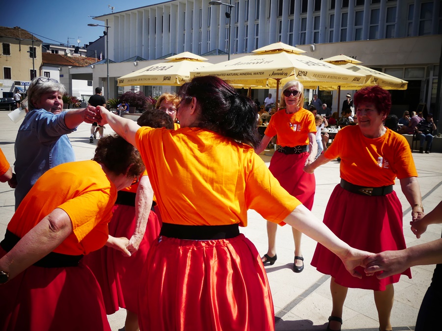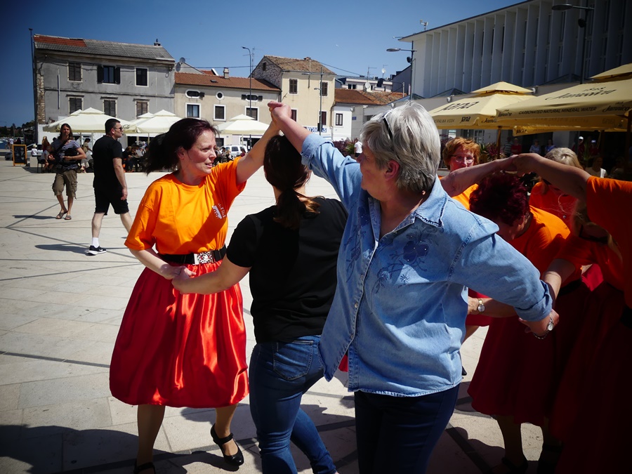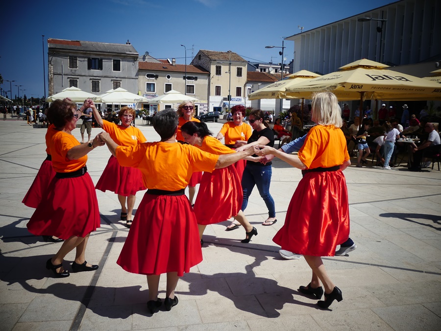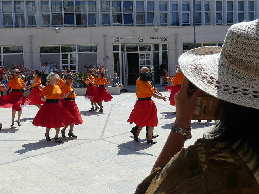 Potpuno novi umaški trg, Trg 1. svibnja, ugostio je članove plesne skupine Učilišta za treću životnu dob “Zvjezdice 50+”. Ekipa je dobila priliku da pokaže svoje plesno umijeće, uz ambiciju da mladi naraštaji upoznaju, zavole i sačuvaju od zaborava istarske plesove i napjeve, te ih podsjete kako je nekad bilo puno više plesnih večeri. Iako je bilo vrlo vruće i sparno, Zvjezdice i Zvjezdani nisu se dali smesti u plesnom naumu. Kibici sa strane znali su to nagraditi gromoglasnim bodrenjem i euforičnim aplauzom potaknuti plesače da pruže sve od sebe, a bogme su imali štošta za pokazati i na tome valja čestitati. Jedna lijepa priča se vratila u Umag i veselimo se što smo bili njen dio.
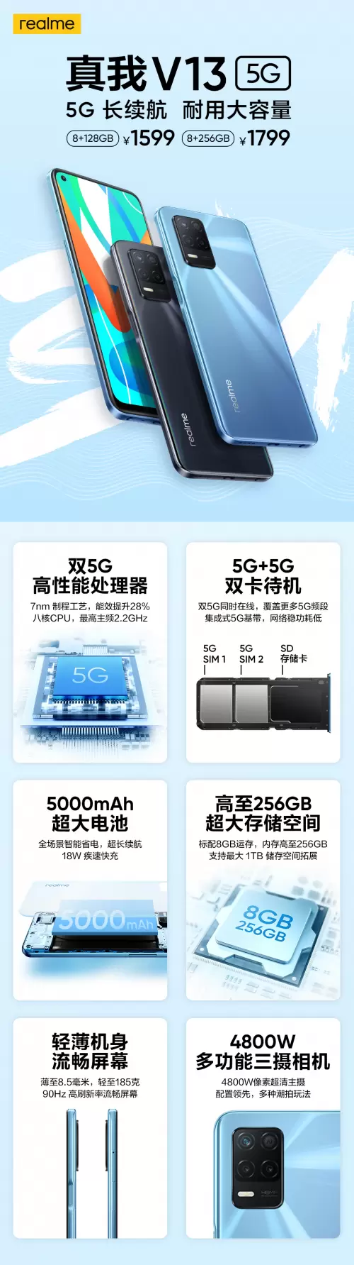 大容量长续航5G手机,realme 真我V13正式发布,售价1599起
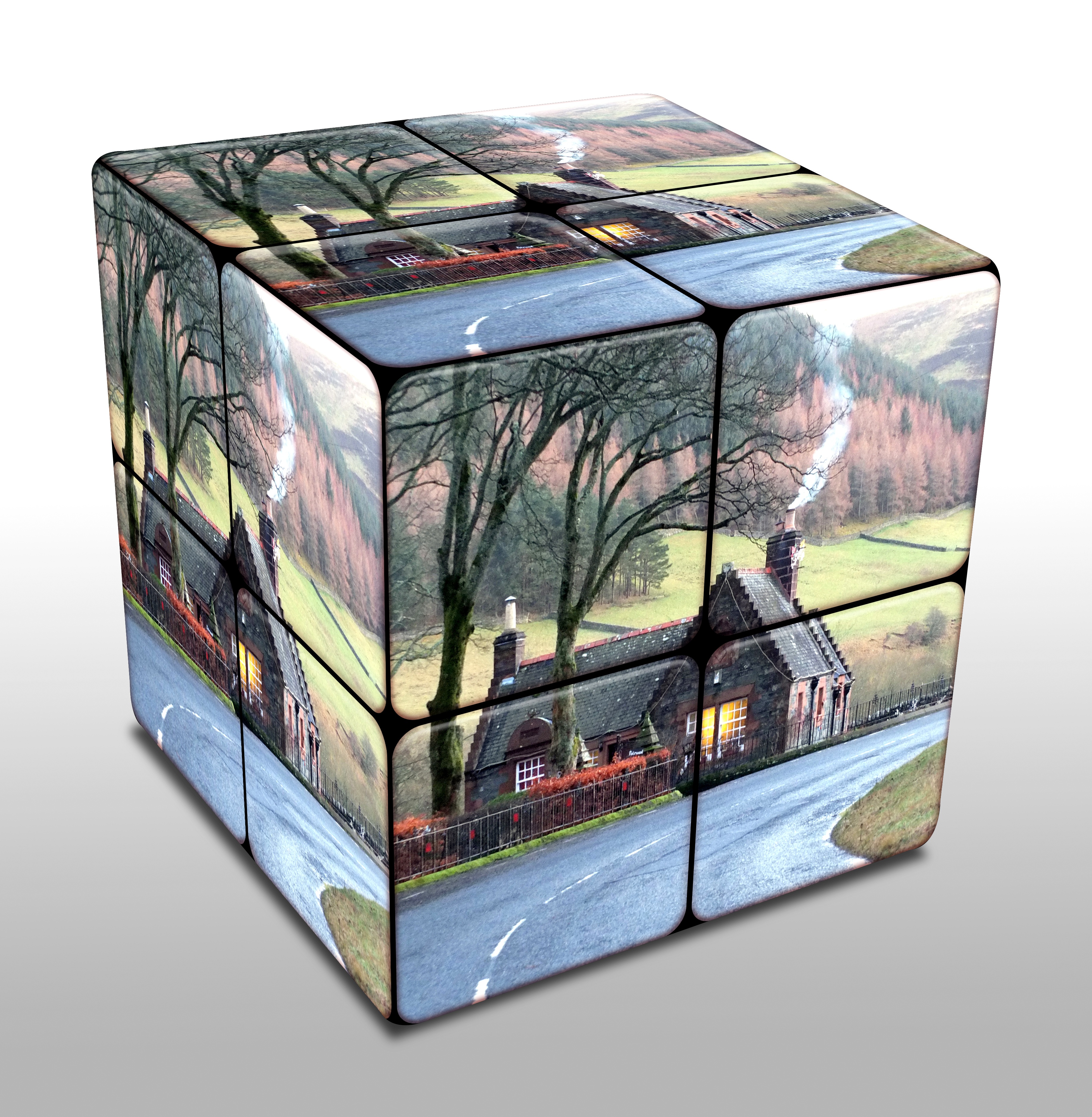 Free image/jpeg, Resolution: 3670x3755, File size: 3.09Mb, cube with image of house in scotland countryside, digital art picture with tags: cube, square, scotland, country, countryside, road, hills
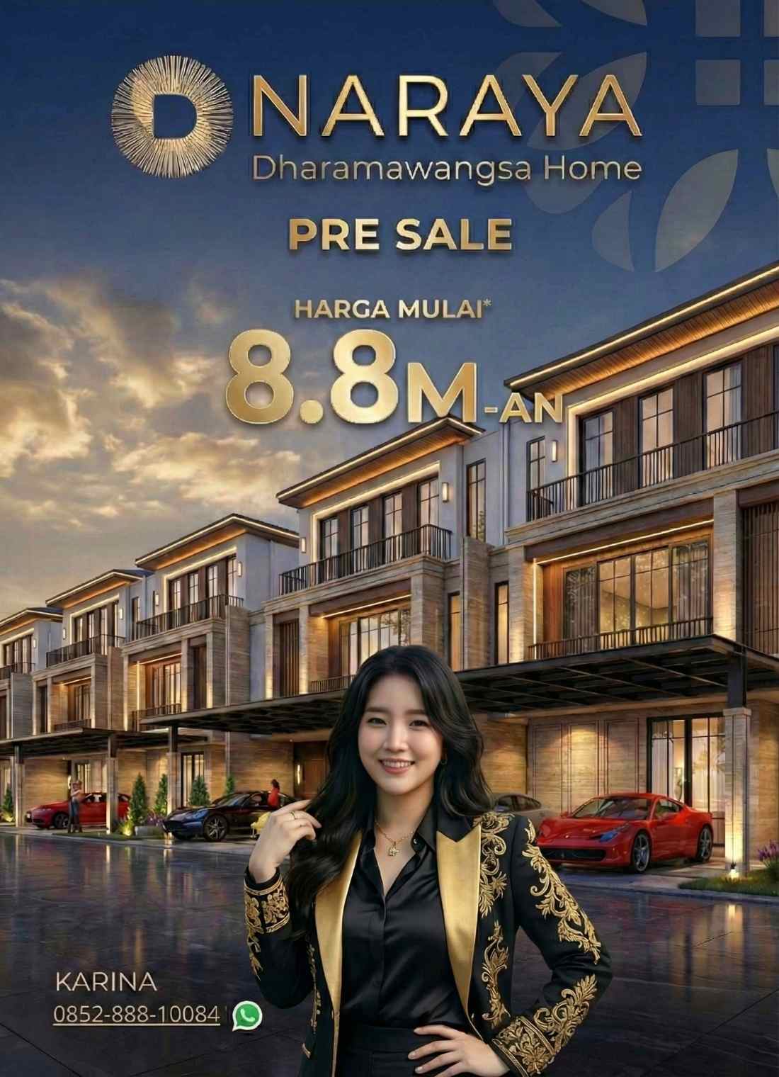 Naraya Dharmawangsa Bintaro saat ini dipasarkan pada kisaran harga ±6,8 M hingga ±8,8 M untuk unit 3 lantai di kawasan Sektor 7 Bintaro.
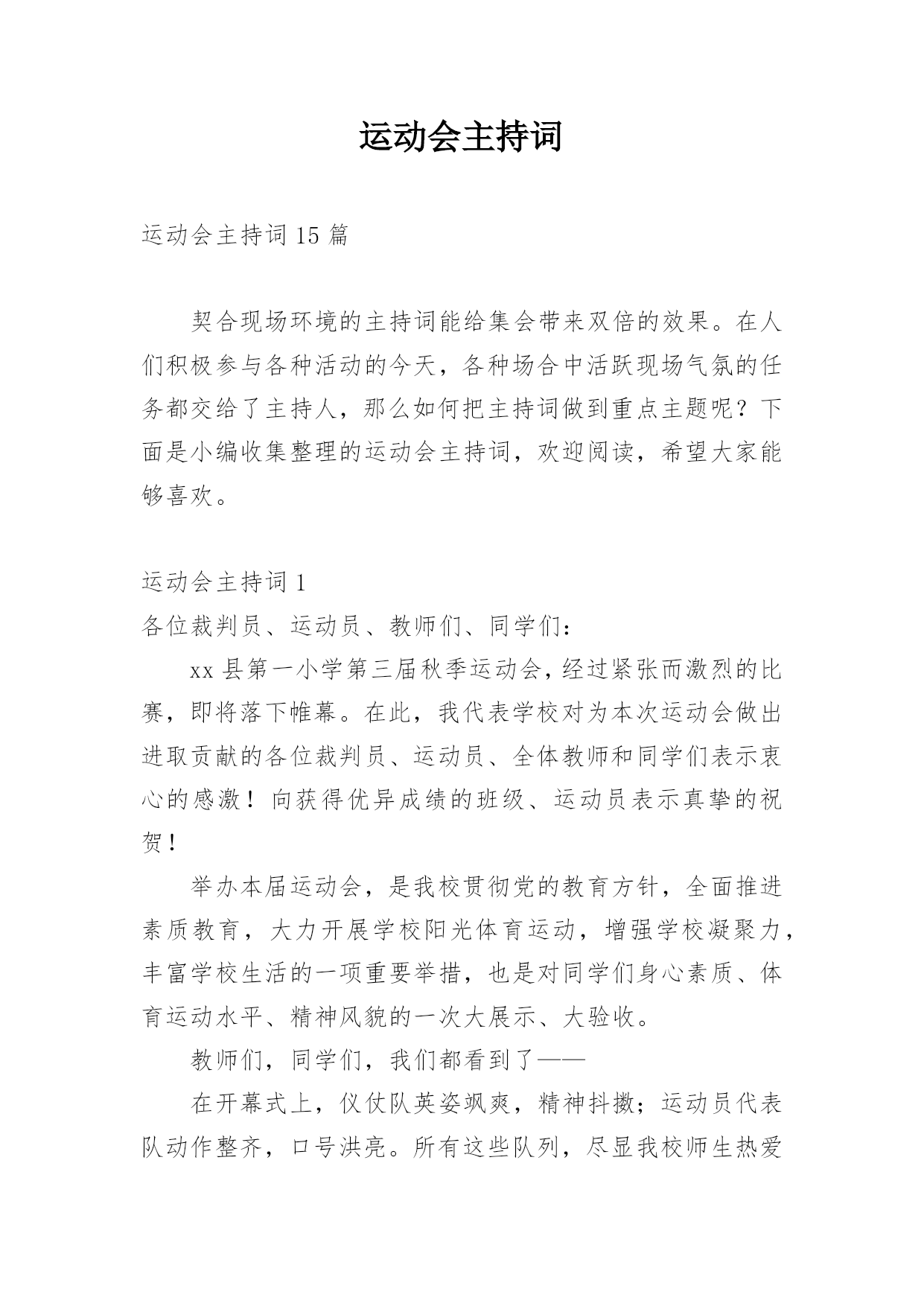 运动会主持词运动会主持词15篇契合现场环境的主持词能给集会带来双倍的效果。在人们积极参与各种活动的今天,各种场合中活跃现场气氛的任务都交给了主持人,那么如何把主持词做到重点主题呢?下面是小编收集整理的运动会主持词,欢迎阅读,希望大家能够喜欢。运动会主持词1各位裁判员、运动员、教师们、同学们:xx县第一小学第三届秋季运动会,经过紧张而激烈的比赛,即将落下帷幕。在此,我代表学校对为本次运动会做出进取贡献的各位裁判员、运动员、全体教师和同学们表示衷心的感激!向获得优异成绩的班级、运动员表示真挚的祝贺!举办本届运
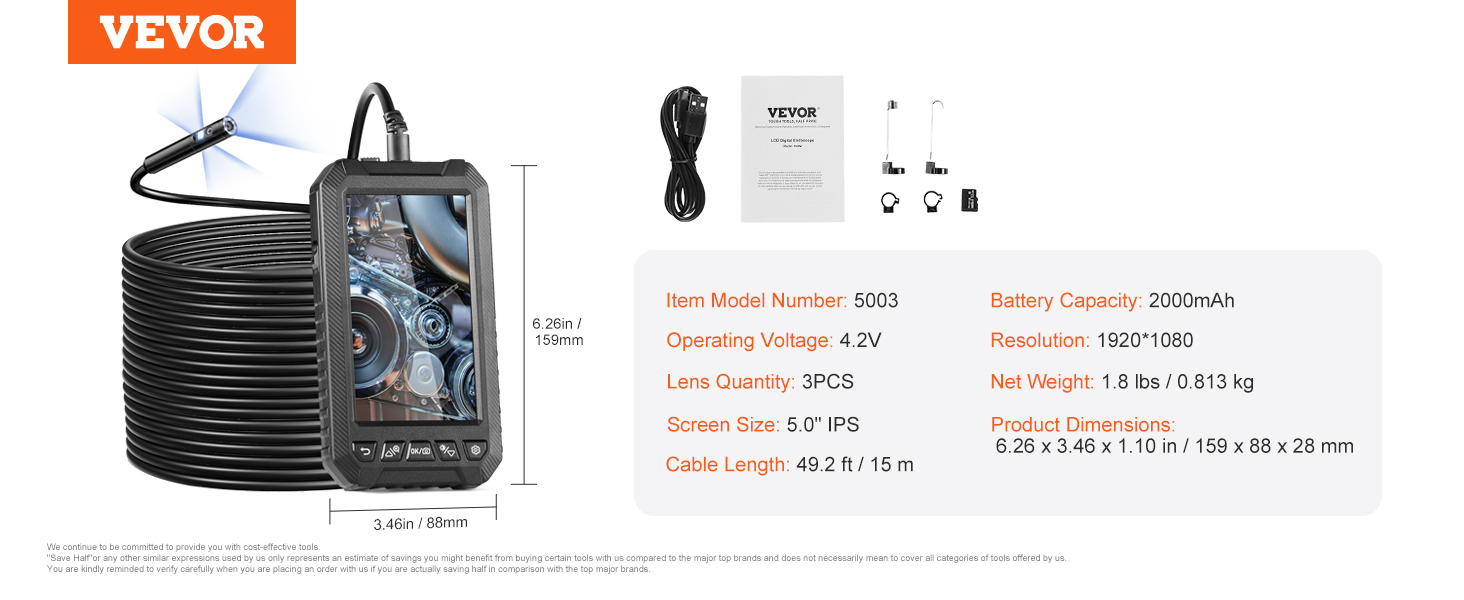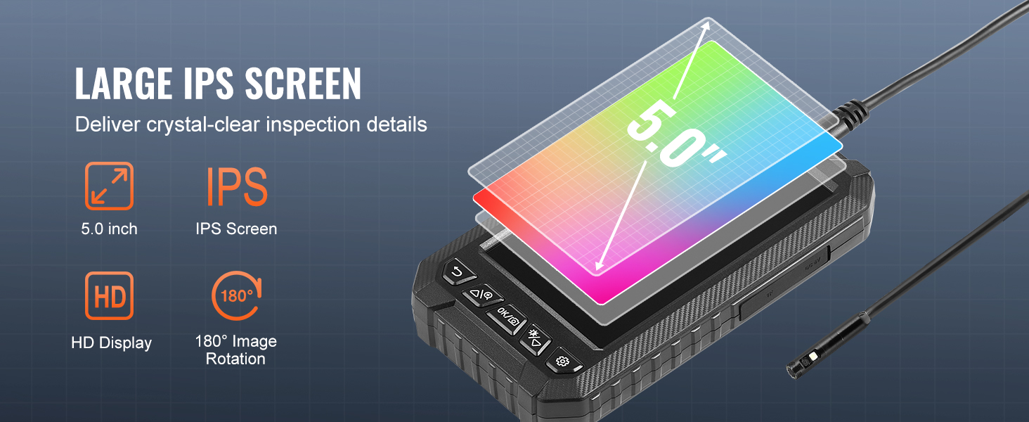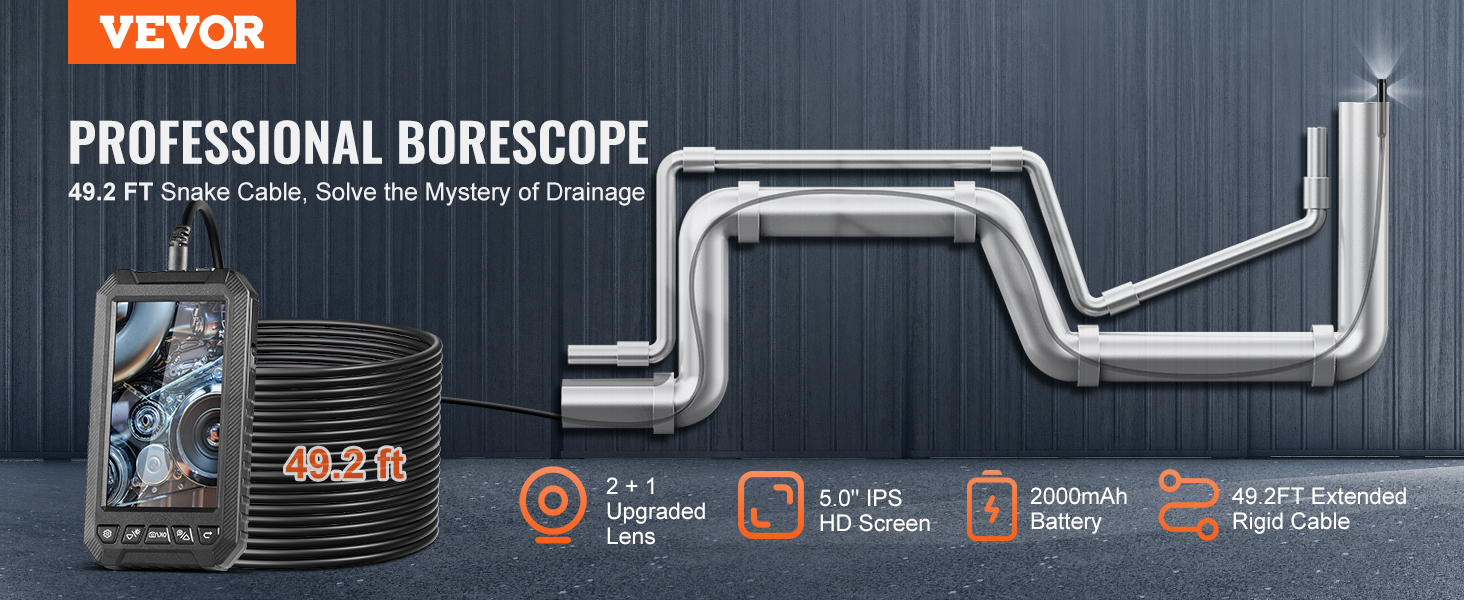 Endoskop VEVOR bol vylepšený o 3 objektívy, ktoré vám pomôžu získať rôzne pohľady. Na 5" obrazovke IPS sa jasne zobrazujú obrázky a videá v reálnom čase a 49,2FT predĺžený polotuhý kábel vám umožní bez námahy dosiahnuť do náročných oblastí, čo je ideálne na kontrolu motora automobilu, kanalizácie, vzduchotechnických potrubí a podobne.
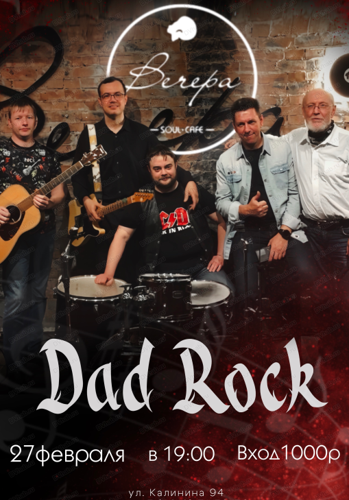 27 февраля в кафе "Вечера" выступит группа Dad rock.
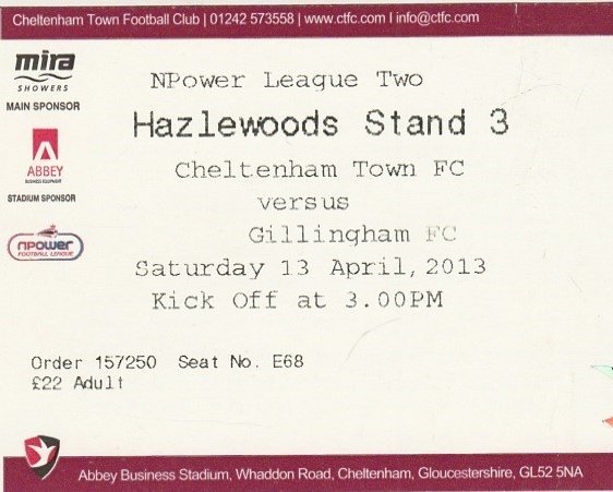 Match: Cheltenham Town v Gillingham Competition: N Power League 2 Date: 13-Apr-2013 Comments: Rating: 4 Condition: Very good Weight in grams: 20

☆ ☆ ☆ ☆

WHAT TO DO
Copy exactly the lines from the line containing "Endoskop VEVOR bol" through the last line of the records, both included, and omit every picture.

PROBLEM SOLUTION
 Endoskop VEVOR bol vylepšený o 3 objektívy, ktoré vám pomôžu získať rôzne pohľady. Na 5" obrazovke IPS sa jasne zobrazujú obrázky a videá v reálnom čase a 49,2FT predĺžený polotuhý kábel vám umožní bez námahy dosiahnuť do náročných oblastí, čo je ideálne na kontrolu motora automobilu, kanalizácie, vzduchotechnických potrubí a podobne.
 27 февраля в кафе "Вечера" выступит группа Dad rock.
 Match: Cheltenham Town v Gillingham Competition: N Power League 2 Date: 13-Apr-2013 Comments: Rating: 4 Condition: Very good Weight in grams: 20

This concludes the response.